I also ordered some of their home brand grave digger series lures just cause they were pretty and they might work on bass. At the princely sum of $2.99 (US) each, twas a bit extravigant I know, but what the heck? :lol:

If you are not in a hurry for your stuff, there are some real good deals to be had there.


----------



## Peril (Sep 5, 2005)

Their surface mail is frustratingly slow, but the goods always arrive (well they have so far).
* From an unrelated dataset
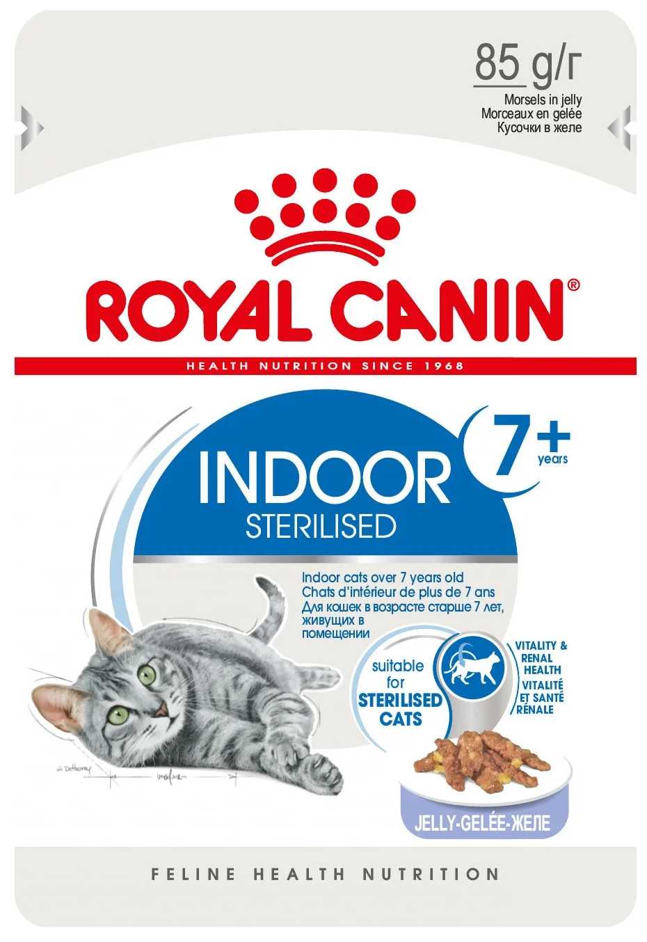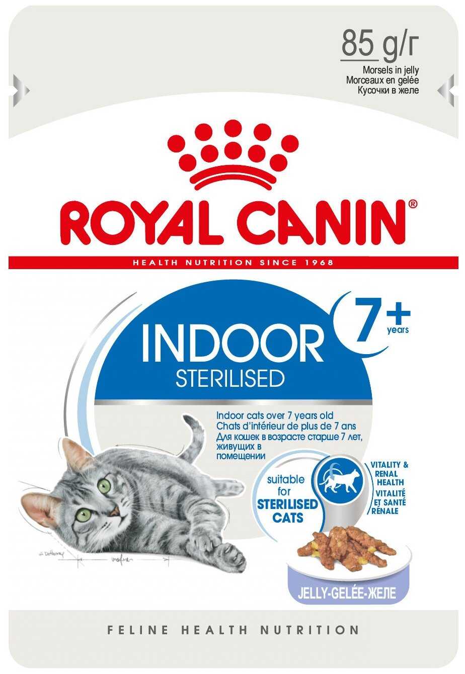 Очень удобный корм. Советую его, а не в соусе, так как желе намного удобнее выкладывать. Если вы немного потресете его, откроете, то выдавливая маленькая полосочка под словом sterilized отделит вам примерно половину пачки, что очень удобно при разделении пачки на два приёма пищи при сочетании с сухим кормом.

I bought some cabelas poppers last year - 50mm with the same pattern as the lure you showed and the same price. Haven't caught anything yet but I haven't given them much of a workout. Will be interested to see how you go on the bass.


----------



## Steveo (Jul 28, 2006)

I bet that was a painfully long wait, Hairymick.

Nice looking reel and lure though. Hope you get your $33 + Postage out of them. (I'm sure you will) :wink:


----------



## Crayman (Oct 10, 2006)

Hey Mick
Any chance you can e-mail thier web address so i can have a look. I am in need of a new reel and i always need more lures as you well know i am pron to misplacing them on snags etc....
Hope to see you on the water soon
Regards Kris.
P.S. I will launch at the boat ramp at Lenthals 6 am 5/2/07 8)


----------



## onemorecast (Apr 17, 2006)

Mick, 
I got their Salt Striker (a slightly larger version than yours) and it has been very relaible in the past 6 months. Hit a school of salmon with it a few months back and it got a heavy workout for a few hours and held up very well.

My brother is a keen fisho in Pennsylvania and says about a third of his reels are now Cabelas as he thinks the quality is great value.


----------



## hairymick (Oct 18, 2005)

Heya Kris,

here ya go.  
http://www.cabelas.com/home.jsp;jsessio ... stid=35655


----------